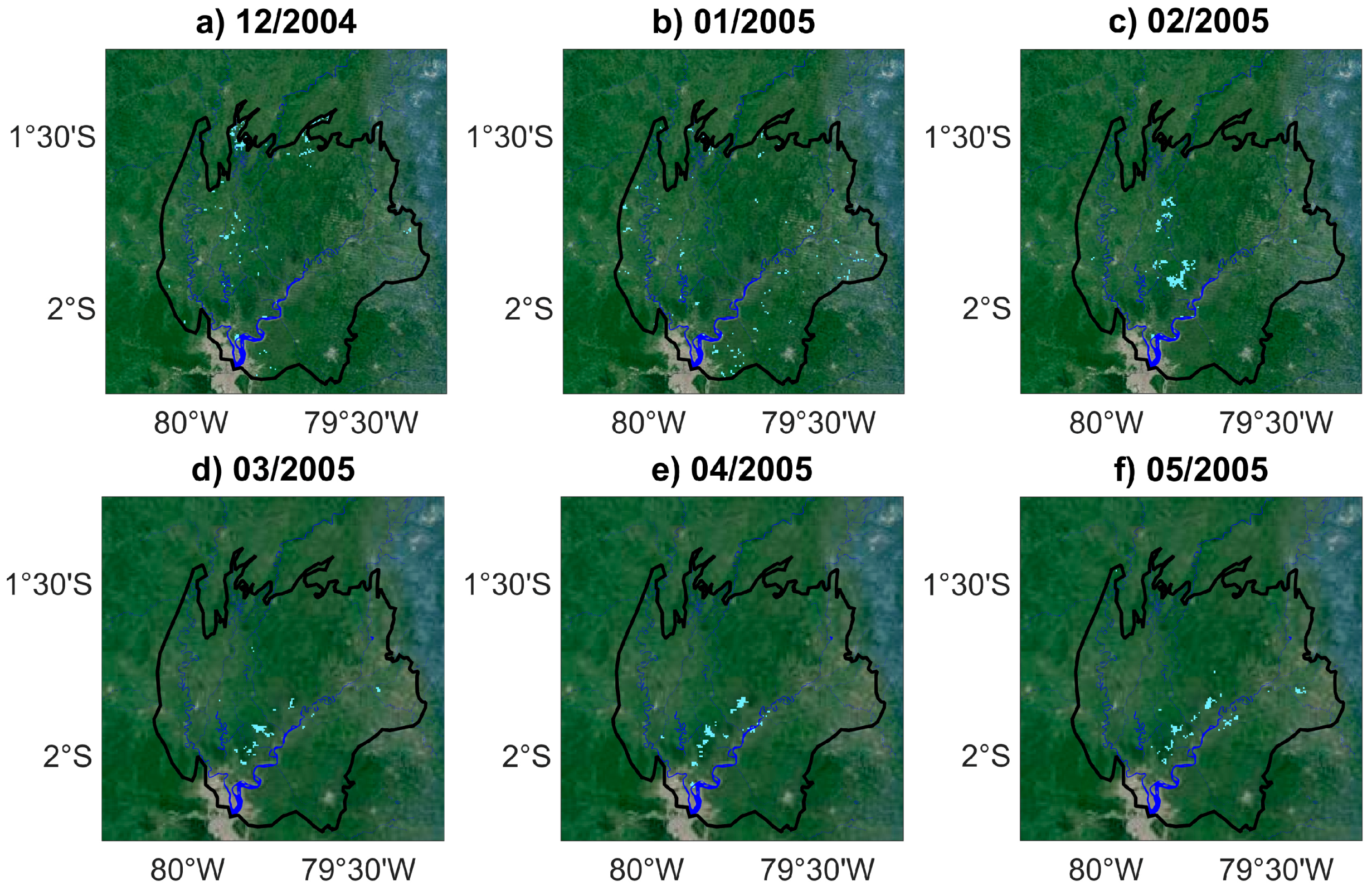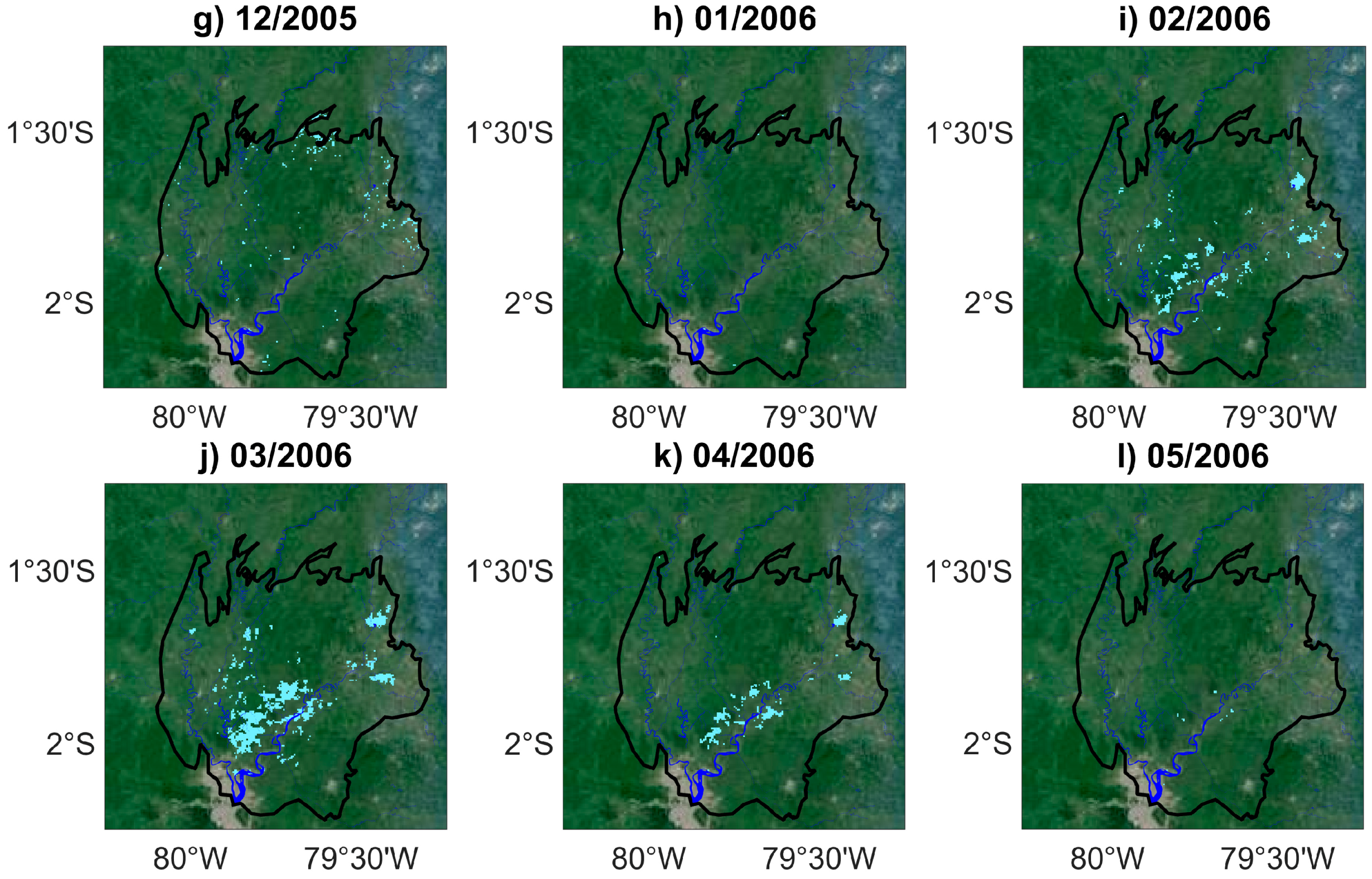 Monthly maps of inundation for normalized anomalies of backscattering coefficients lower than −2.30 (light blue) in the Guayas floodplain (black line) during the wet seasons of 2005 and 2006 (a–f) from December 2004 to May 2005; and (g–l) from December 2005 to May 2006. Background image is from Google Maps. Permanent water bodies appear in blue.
...
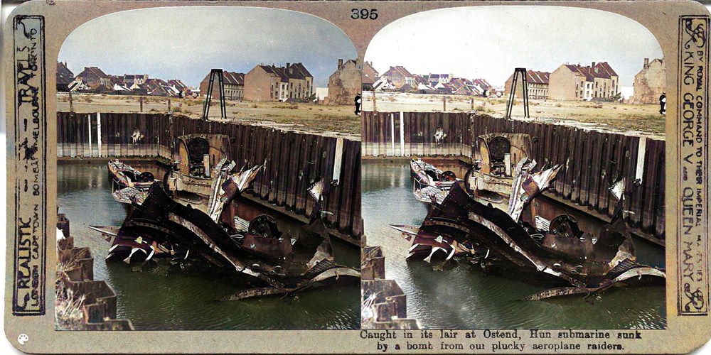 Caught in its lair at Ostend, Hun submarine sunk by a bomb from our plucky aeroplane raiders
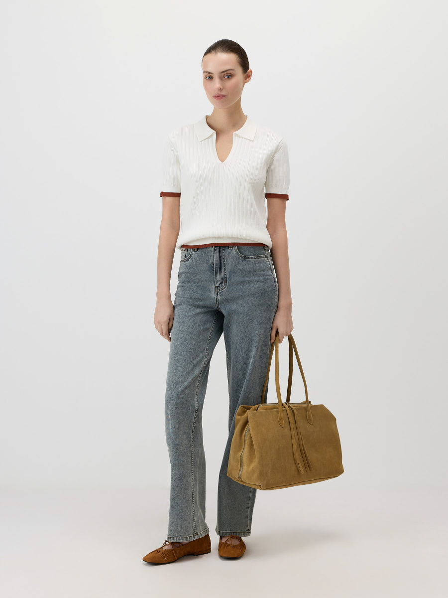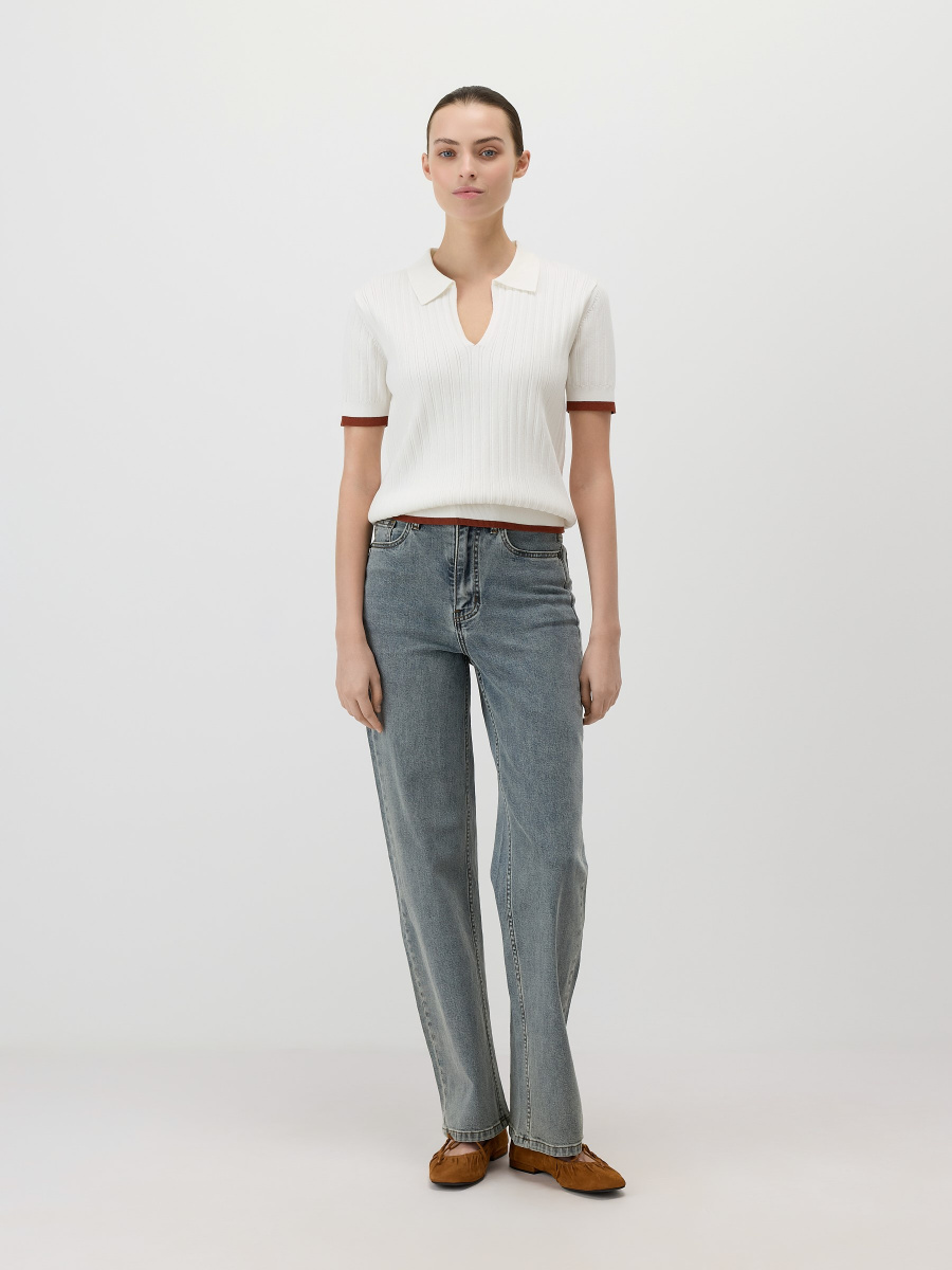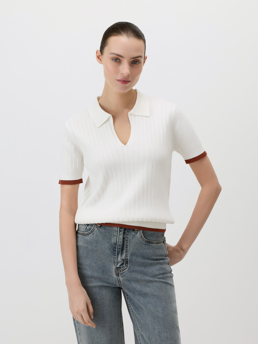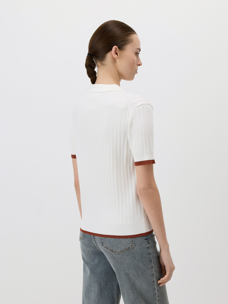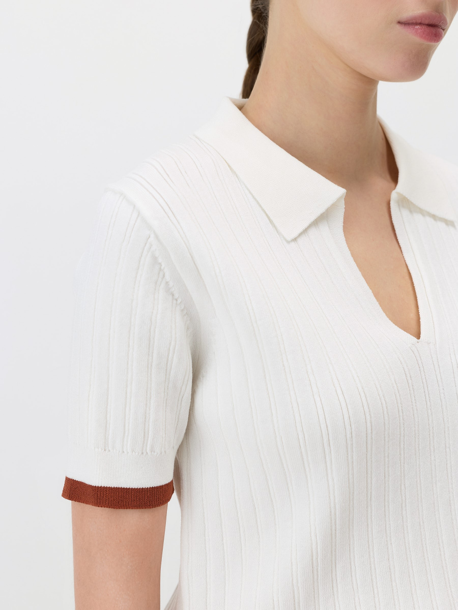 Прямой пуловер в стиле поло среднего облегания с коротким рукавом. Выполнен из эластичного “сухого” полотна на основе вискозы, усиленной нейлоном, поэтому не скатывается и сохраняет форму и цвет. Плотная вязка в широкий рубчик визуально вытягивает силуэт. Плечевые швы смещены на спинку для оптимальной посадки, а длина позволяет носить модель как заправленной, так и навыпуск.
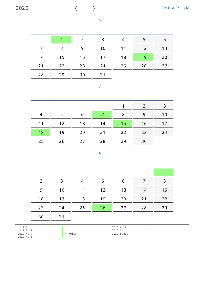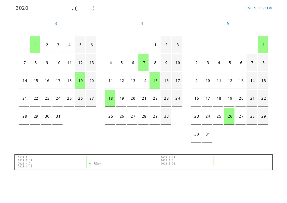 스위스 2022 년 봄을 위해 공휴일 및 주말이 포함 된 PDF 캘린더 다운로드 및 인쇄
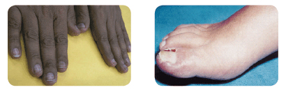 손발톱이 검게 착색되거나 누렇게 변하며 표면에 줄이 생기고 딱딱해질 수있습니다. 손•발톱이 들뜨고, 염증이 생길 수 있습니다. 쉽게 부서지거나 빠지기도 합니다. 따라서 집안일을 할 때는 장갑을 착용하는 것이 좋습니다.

* **REQUIRED WORK**:
All that should appear in the answer is the lines above from the line with "스위스 2022 년 봄을" through the line with "손발톱이 검게 착색되거나", retyped exactly, pictures left out.

* **WRITTEN RESPONSE**:
 스위스 2022 년 봄을 위해 공휴일 및 주말이 포함 된 PDF 캘린더 다운로드 및 인쇄
 손발톱이 검게 착색되거나 누렇게 변하며 표면에 줄이 생기고 딱딱해질 수있습니다. 손•발톱이 들뜨고, 염증이 생길 수 있습니다. 쉽게 부서지거나 빠지기도 합니다. 따라서 집안일을 할 때는 장갑을 착용하는 것이 좋습니다.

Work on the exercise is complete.